At baseline in each group, over 83% of patients received AChE inhibitors, over 56% received steroids, and approximately 50% received NSISTs at stable doses.

Patients were treated with rozanolixizumab-noli via subcutaneous infusion once per week for a period of 6 weeks, followed by an observation period of up to 8 weeks.

The efficacy of rozanolixizumab-noli was measured using the MG-ADL scale, which assesses the impact of generalized myasthenia gravis on daily functions of eight signs or symptoms that are typically affected in generalized myasthenia gravis. Each item is assessed on a 4-point scale where a score of 0 represents normal function and a score of 3 represents loss of ability to perform that function. A total score ranges from 0 to 24, with the higher scores indicating more impairment.

The primary efficacy endpoint was the comparison of the change from baseline between treatment groups in the MG-ADL total score at day 43. A statistically significant difference favoring rozanolixizumab-noli was observed in the MG-ADL total score change from baseline (-3.4 points in rozanolixizumab-noli-treated group at either dose vs -0.8 points in the placebo-treated group [p<0.001]).

The secondary endpoint was the change between treatment groups from baseline to day 43 in the QMG. The QMG is a 13-item categorical grading system that assesses muscle weakness. Each item is assessed on a 4-point scale where a score of 0 represents no weakness and a score of 3 represents severe weakness. A total possible score ranges from 0 to 39, where higher scores indicate more severe impairment.

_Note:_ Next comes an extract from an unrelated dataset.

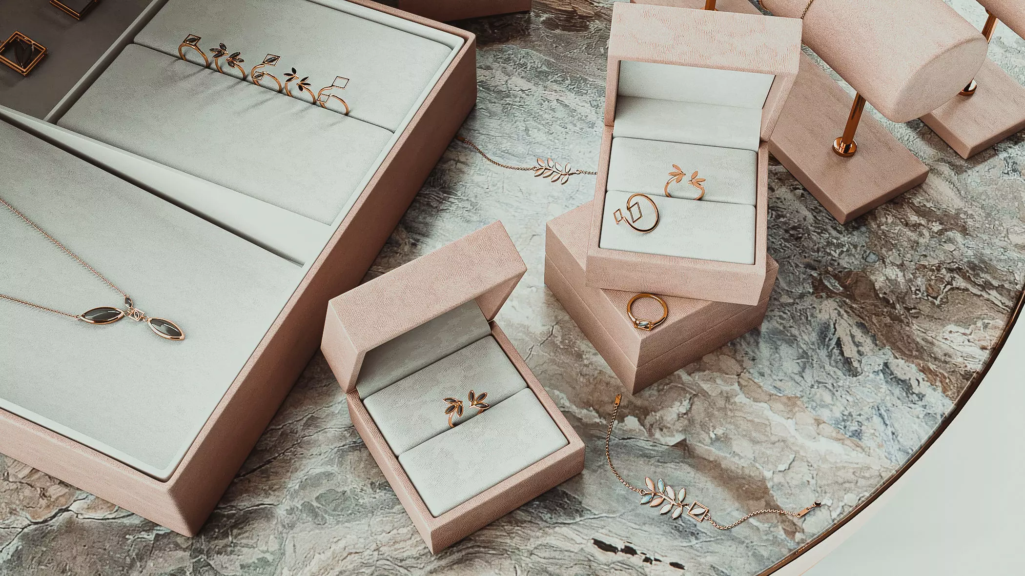 This 3D printable jewelry set contains 5 model Rings in USA size 5, 5.5, 6, 6.5 ,7 three bracelet model two earring model and necklace following by STL files, 3dm (Rhinoceros version 5 and subd version 7 save as Rhino 6) with complete metal weight report . This is a first Piece of a new jewelry collection by Farjamfar design studio, Including eight jewelry sets, jewelry display and jewels table. This collection has inspired by nature such as, plants, leafs, water lily and fruits, from gold jewelry design to royal jewels. Each set offers several rings, bracelets and earrings in addition necklesses. Each set shares some basic 3D models of chain, clips , studs, findings. The 3D files has been designed in RhinoCeros version 7 With SubD modeling system and jewelery has been designed , managed and analysed in RhinoGold vesrion 6.6. All the files has been checked by Netfabb. The file contains native software file Rhinoceros 7 ( Subd modeling - saved as Rhinoceros 6) , Booleaned 3D model in Rhino 6, STL (Stereolithography) file for 3D printing, Fbx format for 3D modeling and rendering and also reports of jewels.

A statistically significant difference favoring rozanolixizumab-noli was observed in the QMG total score change from baseline (-5.4 points and -6.7 points in rozanolixizumab-noli-treated group at approximately 7 mg/kg and 10 mg/kg dose level, respectively, versus -1.9 points in the placebo-treated group [p<0.001]).

For the detailed results, see the Clinical Studies section of the DAILYMED drug label information.

How supplied/storage and handling

How supplied

Rozanolixizumab-noli injection is a sterile, preservative-free, clear to slightly opalescent, colorless to pale brownish yellow solution supplied as:

Storage and handling

Store vials refrigerated at 36°F to 46°F (2°C to 8°C) in the original carton to protect from light until the time of use. Do not freeze. Do not shake.

If needed, vials may be stored at room temperature up to 77°F (25°C) for a single period of up to 20 days in the original carton to protect the vial from light. Once a vial has been stored at room temperature, it should not be returned to the refrigerator. The discard date is 20 days after removal of the vial from the refrigerator. Write the discard date in the space provided on the carton. Discard the vial if not used within 20 days or if the expiration date has passed, whichever occurs first.

Patient counseling information

Infections

Instruct patients to report any history of infections to their healthcare provider and to contact their healthcare provider if they develop any symptoms of an infection.

Vaccinations

Advise patients to complete age-appropriate vaccines according to immunization guidelines before initiation of a new treatment cycle with rozanolixizumab-noli. Administration of live or live-attenuated vaccines is not recommended during treatment with rozanolixizumab-noli.

Aseptic meningitis

Inform patients that rozanolixizumab-noli could cause aseptic meningitis. Instruct patients to contact their healthcare provider if symptoms consistent with meningitis develop.

Hypersensitivity reactions

Inform patients about the signs and symptoms of hypersensitivity reactions. Advise patients to contact their healthcare provider immediately for signs or symptoms of hypersensitivity reactions.